Performing may inserts in parallel also will not significantly increase
population of table with data: multiple bottlenecks in Postgres
do not allow to reach liner scalability even thoughwe have hundreds of
CPU cores.

> Yes, integration of WAL and snapshots between Postgres and RocksDB is
> problematic. I also doubt that RocksDB can use the full power of
> Postgres extendable type system.
This implementation support only basic scala Postgres types.
Actually RocksDB is dealing only with string key-value pairs.
So we need to serialize Postgres type into array of bytes (and provide
right ordering)!

>
> You use a fixed number of trees. Is this a limitation of prototype or
> intention of design? I guess if the base index is orders of magnitude
> bigger than RAM, this scheme can degrade greatly.
I do not understand why do we need multiple indexes.
We need one "hot" index which fits in memory to perform fast inserts.
But it should not be too small to be able to accumulate substantial
amount of records to provide efficient bulk insert.
I expect that top index can be efficiently merger with based index
because of better access locality.
I.e. we will insert multiple entries into one B-Tree page and so
minimize slowdown of random reads.

Third index is needed to perform parallel merge (while merge is in
progress top index will be blocked and we can not perform inserts in it).
I do not understand benefits of performing more than one merge in
parallel: it will only increase fraction of random reads.

Degradation certainly takes place. But it is not so critical as in case
of standard nbtree.
It is possible to tune threshold for top index size to make merge most
efficient.
But we can not truncate and swap index before we complete the merge.
So if merge operation takes long time, then it will cause exhaustion of
top index and it will not fit in memory any more.
It will lead to further slowdown (so we have negative feedback here).

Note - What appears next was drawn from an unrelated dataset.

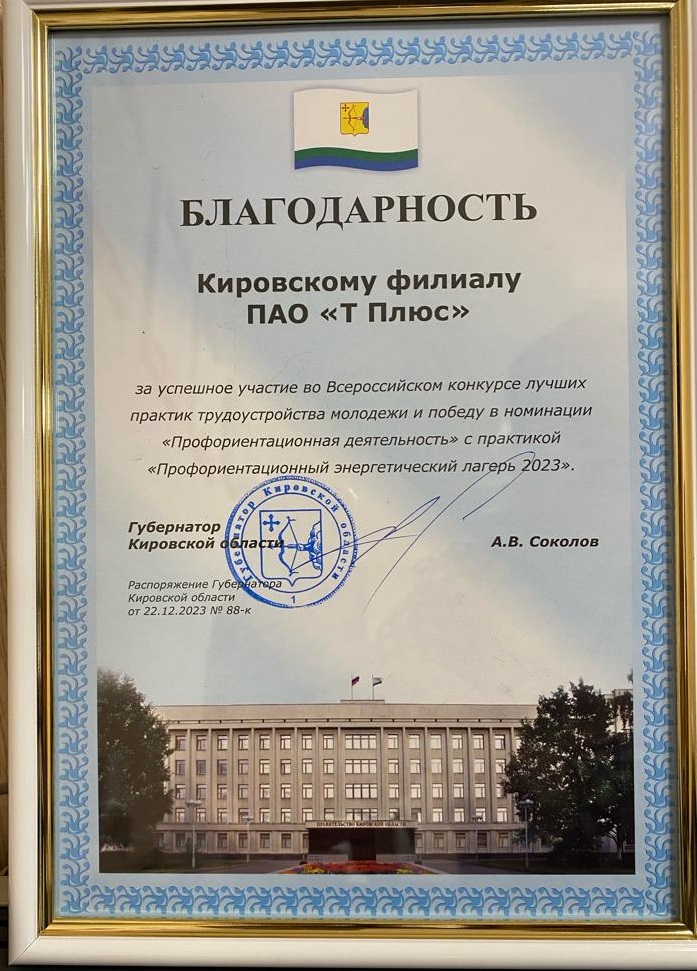 Кировский филиал ПАО "Т Плюс" занял третье место на Всероссийском конкурсе лучших практик трудоустройства молодежи в номинации "Профориентационная деятельность" с проектом летнего профориентационного энергетического лагеря для детей сотрудников.
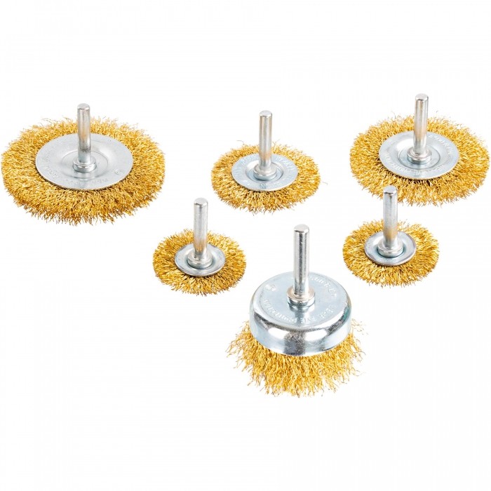 Zestaw 6 szt. szczotek drucianych mosiężnych do wiertarki.

Certainly it is possible to create more top indexes, keeping their size
small enough to fit in memory.
But in this case search will require merge not of 3, but of N indexes.
I think that it may cause unacceptable slowdown of search operations.
And it is highly undesirable, taken in account that most of application
send more select-only queries than updates.

>
>> As far as we are using standard nbtree indexes there is no need to worry about logging information in WAL.
>> There is no need to use inefficient "generic WAL records" or patch kernel by adding own WAL records.
> As I get the merge operations are logged in the same way as ordinal
> inserts. This seems acceptable, but a single insert operation would
> eventually cause in times more WAL than it does in B-tree (especially
> if we'll have an implementation of a flexible number of trees). In
> principle that could be evaded if recovery could replay logic of trees
> merge on its side. But this approach hardly can fit Postgres in many
> ways.

Yes, this approach increase mount of logged data twice:
we need to write in WAL inserts in top and base indexes.
And it will certainly have negative influence on performance.
Unfortunately I have no idea how to avoid it without patching Postgres core.
>
>> I have performed the same benchmark with random inserts (described above) for Lsm3:
>>
>> Index Clients TPS
>> Inclusive B-Tree 1 9387
>> Inclusive B-Tree 10 18761
>> RocksDB FDW 1 138350
>> RocksDB FDW 10 122369
>> RocksDB 1 166333
>> RocksDB 10 141482
>> Lsm3 1 151699
>> Lsm3 10 65997
>>
>> Size of nbtree is about 29Gb, single client performance is even higher than of RocksDB FDW, but parallel results are signficantly worser.
> Did you investigate the source of degradation? Such degradation
> doesn't yet look inevitable for me. Probably, things could be
> improved.

As  I explained above insertion in Lsm3 now is process with negative
feedback.
If insertion rate is higher than merge speed then top index is blown and
doesn't fit in memory any more which in turn cause
more slowdown of merge and as a result - further increase of top index size.
Several parallel clients performing inserts can fill top index faster
than single client does and faster than it can be merged with main index.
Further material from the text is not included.